Paintings by Edward Hopper (1882-1967) will come to life in the movie “Shirley: Visions Of Reality” that will be screened in the yard of the Sofia Arsenal – Museum of Contemporary Art.
The screening starts at 19:30 h on 29 September (Friday) and the doors of the museum will be wide open to the audience in order to be able to see the exhibition of Boryana Rossa “Augmented Realism”.
“The theme of the movie as well as the exhibition is connected with the additional dimensions of the reality itself. The paintings of Edward Hopper come to life in the movie and tell a story visualized entirely in the aesthetics of the painter. The exhibition of Boryana Rossa brings diverse formats of expression through new technologies typical of the modern world”, said Nadezhda Dzhakova, curator of the exhibition and head of SAMCA.
Shirley: Visions of Reality
Austria 2013, 93 min, color
A series of snapshots from the life of a fictional actress named Shirley serves to weave together thirteen paintings by Edward Hopper (e.g. „Office at Night“, „Western Motel“, „Usherette“, „A Woman in the Sun“) into a fascinating synthesis of painting and film, personal and political history.
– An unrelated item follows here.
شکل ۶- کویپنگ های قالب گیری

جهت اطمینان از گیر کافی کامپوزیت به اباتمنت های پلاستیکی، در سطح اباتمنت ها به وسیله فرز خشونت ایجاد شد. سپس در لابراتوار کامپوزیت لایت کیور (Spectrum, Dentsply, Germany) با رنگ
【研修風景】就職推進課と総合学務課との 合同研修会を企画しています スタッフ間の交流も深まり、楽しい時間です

Each station in Shirley’s professional and private life from the 1930s to 1960s is precisely dated: It is always August 28/29 of the year in question, as the locations vary from Paris to New York to Cape Cod. Shirley is a liberated woman who questions conventional relationship roles and reflects on the role of theatre and politics. Her thoughts are conveyed through internal monologues delivered in voiceover. Furthermore, every episode begins with fragments from radio news reports, which place Shirley’s personal story in relation to key events from American history over the decades (the Great Depression, the Second World War, McCarthyism, the Kennedy era, and the Civil Rights movement).
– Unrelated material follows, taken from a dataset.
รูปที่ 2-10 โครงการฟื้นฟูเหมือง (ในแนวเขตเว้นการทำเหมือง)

„In Austrian video artist Gustav Deutsch's Shirley: Visions of Reality (2013), pictures literally speak for themselves, with this experimental film using prominent US painter Edward Hopper's calculated renderings of American society to tell the story of a fictional actress - a prime example of art imitating art. Recreated through the guise of thirteen of Hopper's best known paintings, Deutsch has created a series of vivid snapshots which thread together into a fascinating synthesis of art and film. What we get is a unique presentation of an aspiring actress, whose trials and tribulations paint their own portrait of American history.”
„Augmented Realism”
Boryana Rossa’s exhibition is an autobiographical tale recreated through painting, photography, objects, video, drawings, and documentation of her performances. Using the autobiographical approach as a medium for self-presentation and self-expression, Boryana Rossa explores issues related to gender identity, sexuality, and social themes such as alienation, marginality, and emigration.
“Why ‘augmented realism’? In order to reflect the complexity of the interaction between social life and technology, I chose ‘Augmented Realism’ as the title of the exhibition. I consider the idea of ‘an augmented reality’, which has a tremendous impact on our contemporary culture, to be impressive. The possibility to see the world through the lens of your phone, for example, and to interact with digitally generated places and beings (as in Pokémon Go, perhaps the most popular application of ‘augmented reality’) is also an expressive visual metaphor for all our interactions with technology and how they affect our lives”, said the artist.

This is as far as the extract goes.